▶ **Task directions**: Beginning at the line that contains "Dzięki systemowi rozkładania", output each line exactly through the end of the records, and drop any pictures.

-- Record set follows --

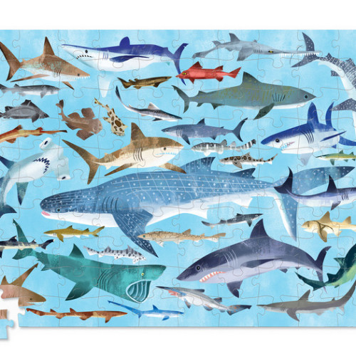 Er zijn 36 verschillende haaien te ontdekken in deze puzzel! In de koker vind je een handige legende waarop alle haaien afgebeeld staan met de respectievelijke naam.
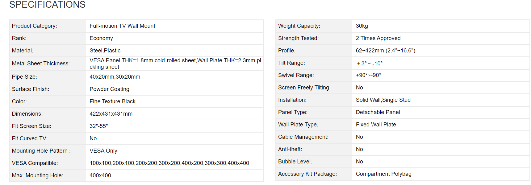 TV WALL MOUNT LUMI FULL MOTION KLA27-443 32″-55″
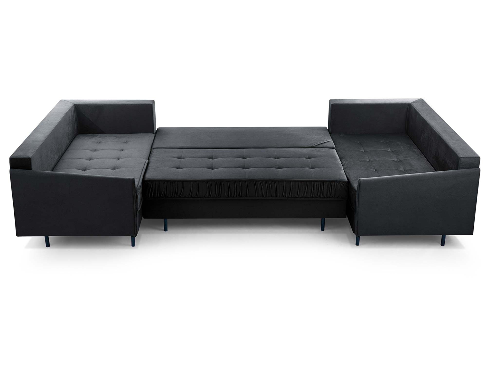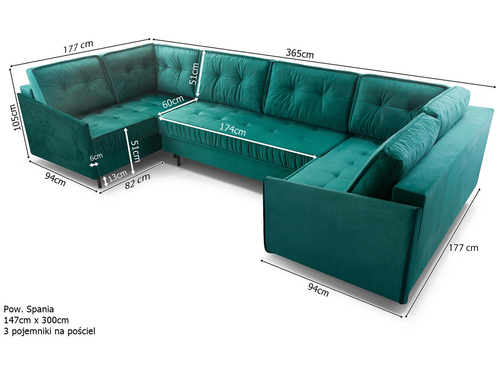 Dzięki systemowi rozkładania DL, narożnik w kilka chwil zmienia się w wygodne łóżko z powierzchnią spania o wymiarach 300×147 cm. To idealne rozwiązanie zarówno na co dzień, jak i podczas wizyty gości. Co więcej, narożnik został wyposażony w aż 3 pojemniki na pościel, które pozwalają na wygodne przechowywanie kołder, koców i poduszek, pomagając zachować porządek w salonie.
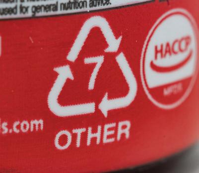 Resin Codes which look like the chasing arrows recycling symbol, introduced by SPI (now PLASTICS)
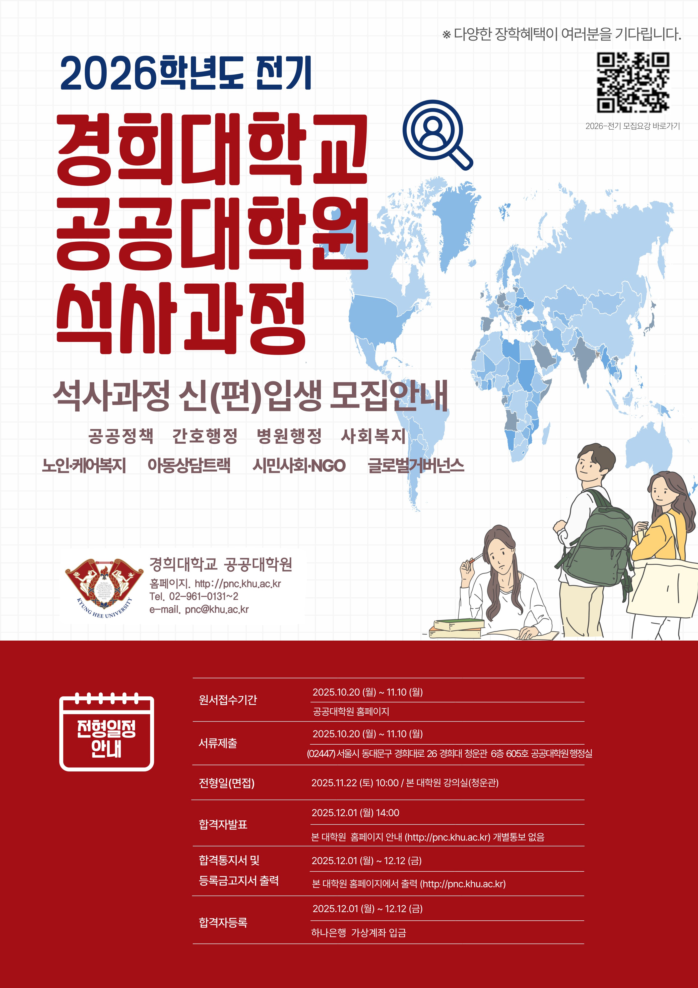 2026학년도 공공대학원 전기 석사과정 신·편입생 모집 홍보

-- Record set concluded --

▶ **The answer**:
 Dzięki systemowi rozkładania DL, narożnik w kilka chwil zmienia się w wygodne łóżko z powierzchnią spania o wymiarach 300×147 cm. To idealne rozwiązanie zarówno na co dzień, jak i podczas wizyty gości. Co więcej, narożnik został wyposażony w aż 3 pojemniki na pościel, które pozwalają na wygodne przechowywanie kołder, koców i poduszek, pomagając zachować porządek w salonie.
 Resin Codes which look like the chasing arrows recycling symbol, introduced by SPI (now PLASTICS)
 2026학년도 공공대학원 전기 석사과정 신·편입생 모집 홍보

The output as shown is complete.